But we found that bpf_skb_adjust_room() had a number of unexpected behaviours which limited how we could use it. At the time of writing, bpf_skb_adjust_room():
- is restricted as to where in the packet the room adjustment applies (you cannot remove bytes from the very start of the packet, for example);
- is also restricted as to the size of the room adjustment depending on the nature of the packet (the resulting packet post-adjustment must have a minimum size which is informed by whether the packet has an IPv4 or IPv6 header).
The first limitation was an issue since we wanted to strip encapsulating headers from the start of the packet, but bpf_skb_adjust_room() doesn't support that.

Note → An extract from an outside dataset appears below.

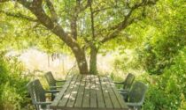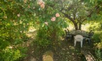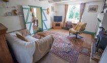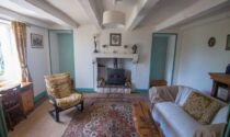 The south-facing garden offering lovely views, planted with well-established fruit trees, provides a delightful outdoor space to relax and enjoy sunny summer days.

We managed to work around this in the end by being a bit creative with how we strip the encapsulating headers.
The second limitation was an issue since by default the packet size checks inside bpf_skb_adjust_room() were such that small packets could be rejected as "too small" when IPv6 was used in the encapsulating headers. This was rejecting ARP packets, and hence breaking the datapath.
Fortunately, there is a flag, BPF_F_ADJ_ROOM_DECAP_L3_IPV4, which allows us to work around the packet length assumptions in bpf_skb_adjust_room(), at least for our usecase. Sadly not all kernels have BPF_F_ADJ_ROOM_DECAP_L3_IPV4, so not all kernels can use IPv6 with our demo.

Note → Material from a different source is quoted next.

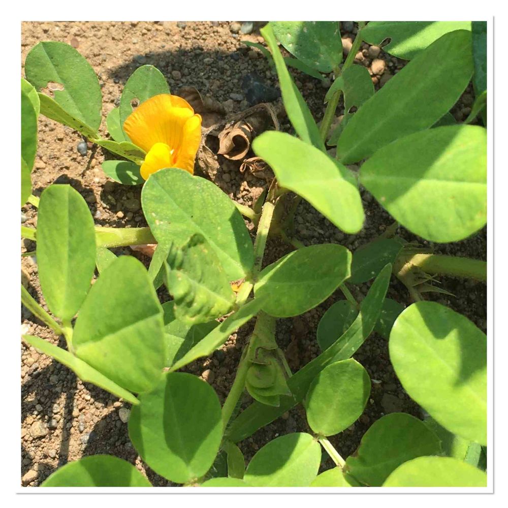 ポットで最も成長のよく、最初に畑に植えつけた落花生の花が咲いた

Figuring out how to make use of bpf_skb_adjust_room() was not easy. We ended up having to dig into the kernel code to see how things worked in the helper; and reviewed the git history to get context on why the helper is implemented the way it is.
Packet checksumming
The other main pain point for the demo program is around packet checksums.
Specifically when using IPv6 and UDP in the outer encapsulation headers: due to IPv6 having no checksum mechanism it is mandatory to add a valid checksum in the UDP header.
When running as a part of the native kernel environment, code has support from the network stack for checksumming. There are facilities for performing partial checksums, keeping track of what has been checksummed and what has not, and offloading checksumming to hardware where such support is available.
In the eBPF environment, this isn't so much the case. At the time of writing the only approach we have found is to simply perform the checksum for the entire encapsulated packet in the eBPF code directly.
Given that in a lot of cases the encapsulated packet has been checksummed already this is a sub-optimal approach.
Furthermore, trying to implement the checksum in eBPF was not without its difficulties.
Although writing a loop to step through the packet seems fairly straight-forward, you may remember that one of the verifier's jobs is to prevent unbounded looping in eBPF code. It can be difficult to convince the verifier that a given loop will terminate!
Happily, this is a problem other people have already solved by means of an eBPF helper bpf_loop(). This API provides a verifier-blessed way to perform arbitrary looping, albeit while still having to call out a bounded maximum number of loop iterations.
The downside is that this places another kernel-version restriction on our eBPF program: the kernel needs to have bpf_loop() in order for us to be able to use IPv6/UDP encapsulation.
Reading packet contents
Our application depends on parsing the headers of an incoming encapsulated packet in order to determine the L2TP session context for that packet.
In order to do that, we need to read the packet contents!
Exactly how this is done is a little unclear on the face of things.
Our program has access to a struct __sk_buff pointer, which is a mirror of an internal kernel structure, and contains a __u32 field called data.
The data field would seem to be the thing to access to get at packet data, but:
- it's in the middle of the structure so it's clearly not an allocated array,
- __u32 looks like it's too small to represent a pointer on 64 bit hardware.
Most C programmers will be scratching their heads at this point and wondering: "What's going on?".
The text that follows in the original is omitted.